* **Work order**
A verbatim copy is needed of the lines below from the one containing "определение ковров |" up to and including the one containing "The Carrie Jacket", excluding pictures.
**** Supplied material
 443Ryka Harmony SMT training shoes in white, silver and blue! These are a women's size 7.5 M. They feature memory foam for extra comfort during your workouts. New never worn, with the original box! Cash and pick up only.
********
**** Supplied material
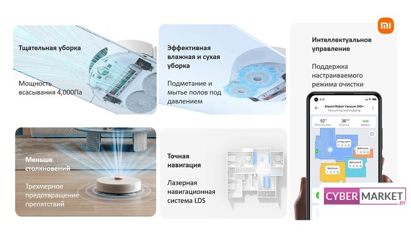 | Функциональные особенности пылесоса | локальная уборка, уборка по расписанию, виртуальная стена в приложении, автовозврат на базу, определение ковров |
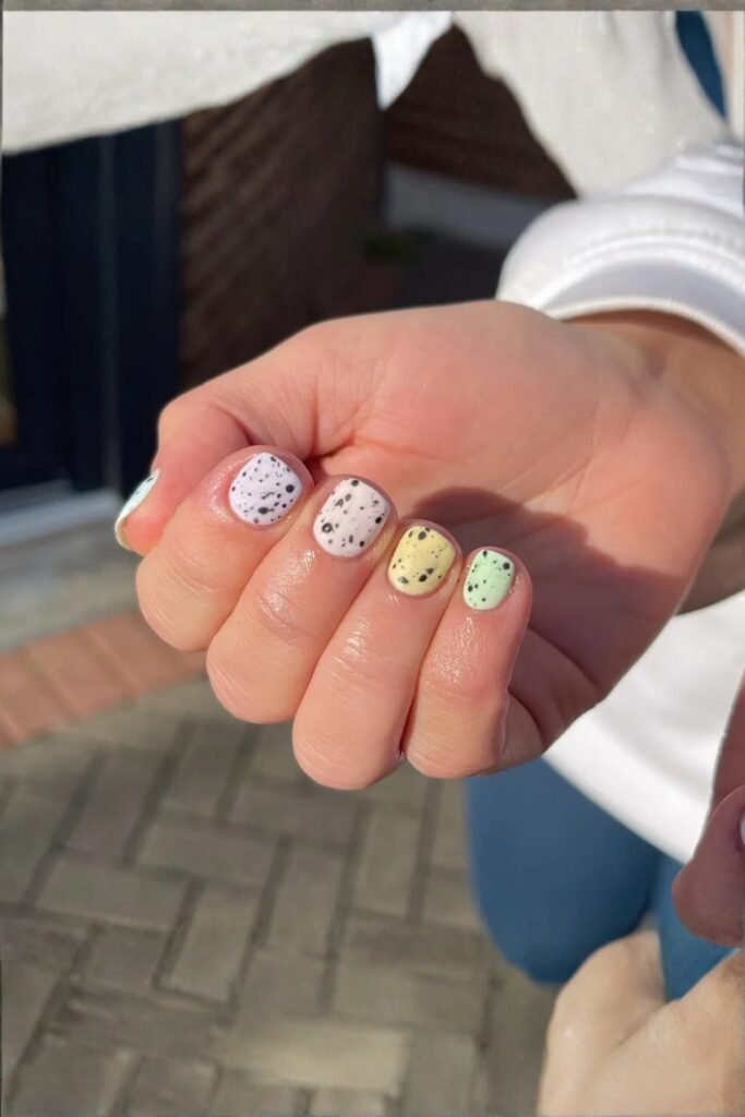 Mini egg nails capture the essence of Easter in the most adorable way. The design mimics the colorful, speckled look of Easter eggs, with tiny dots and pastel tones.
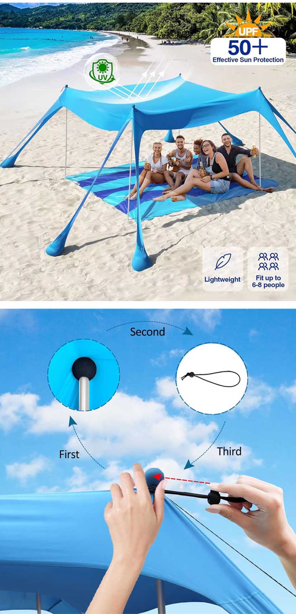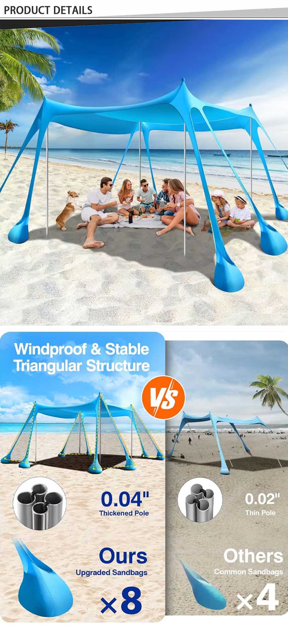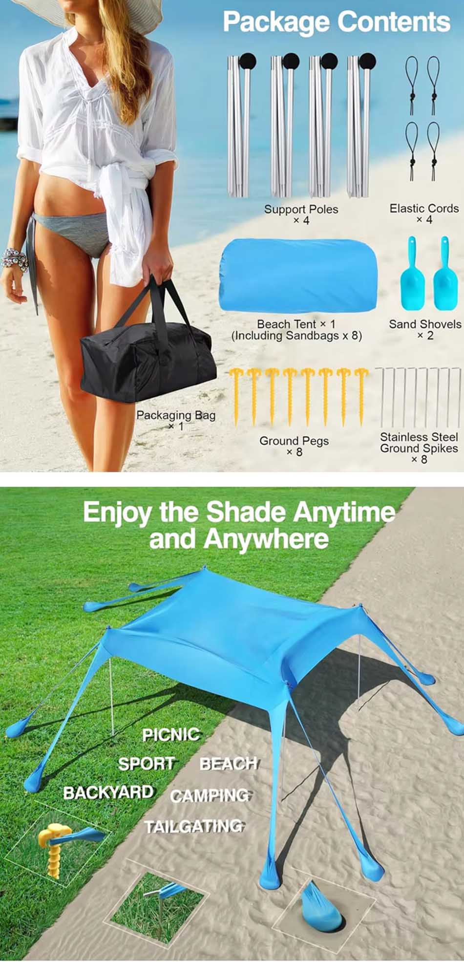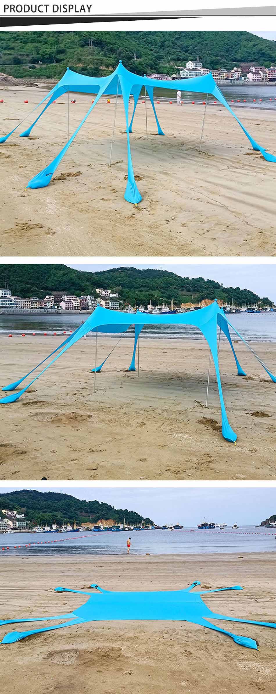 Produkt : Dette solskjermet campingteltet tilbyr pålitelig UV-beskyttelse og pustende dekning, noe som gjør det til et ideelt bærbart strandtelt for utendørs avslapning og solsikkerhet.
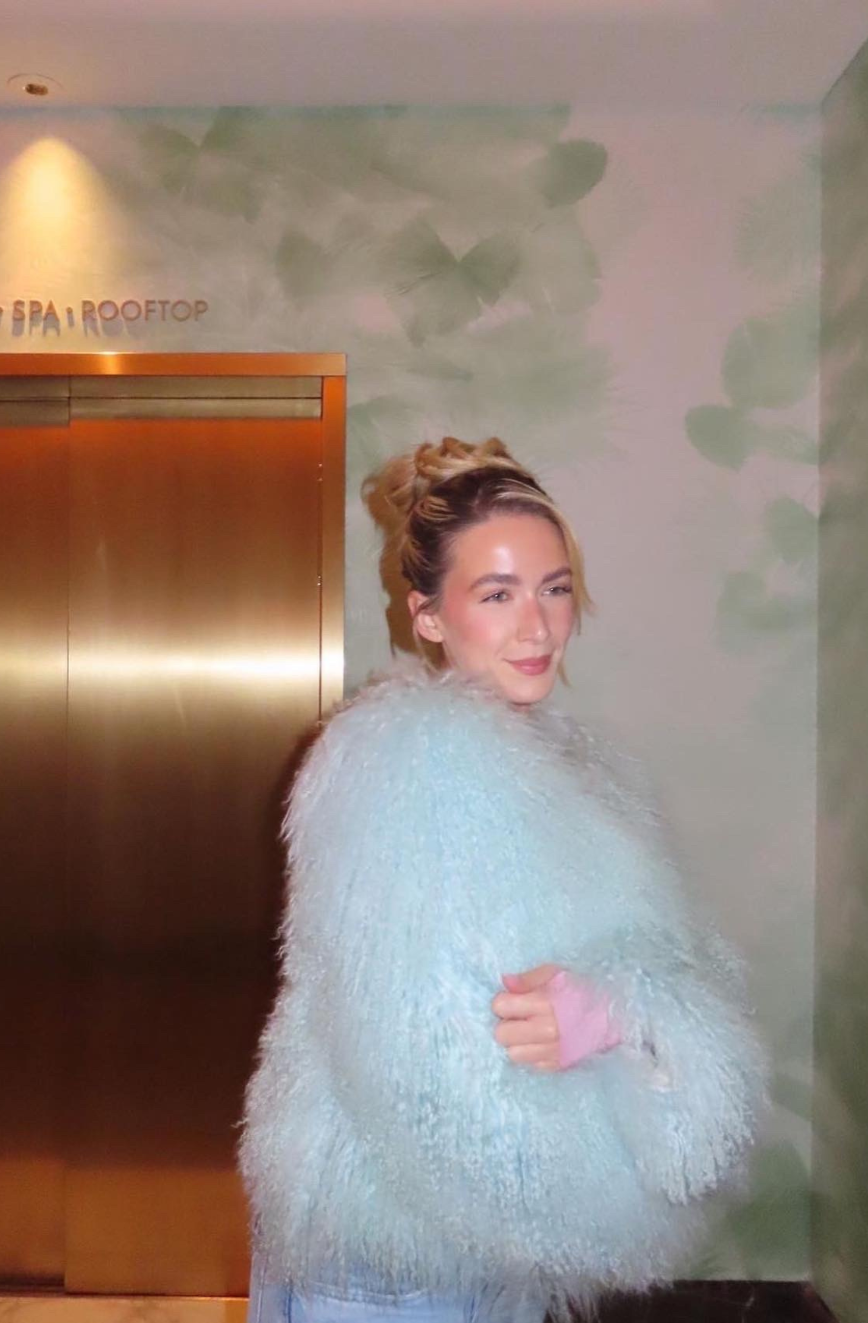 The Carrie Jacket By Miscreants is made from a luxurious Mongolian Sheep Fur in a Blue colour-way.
********
* **Reply to the exercise**
 | Функциональные особенности пылесоса | локальная уборка, уборка по расписанию, виртуальная стена в приложении, автовозврат на базу, определение ковров |
 Mini egg nails capture the essence of Easter in the most adorable way. The design mimics the colorful, speckled look of Easter eggs, with tiny dots and pastel tones.
 Produkt : Dette solskjermet campingteltet tilbyr pålitelig UV-beskyttelse og pustende dekning, noe som gjør det til et ideelt bærbart strandtelt for utendørs avslapning og solsikkerhet.
 The Carrie Jacket By Miscreants is made from a luxurious Mongolian Sheep Fur in a Blue colour-way.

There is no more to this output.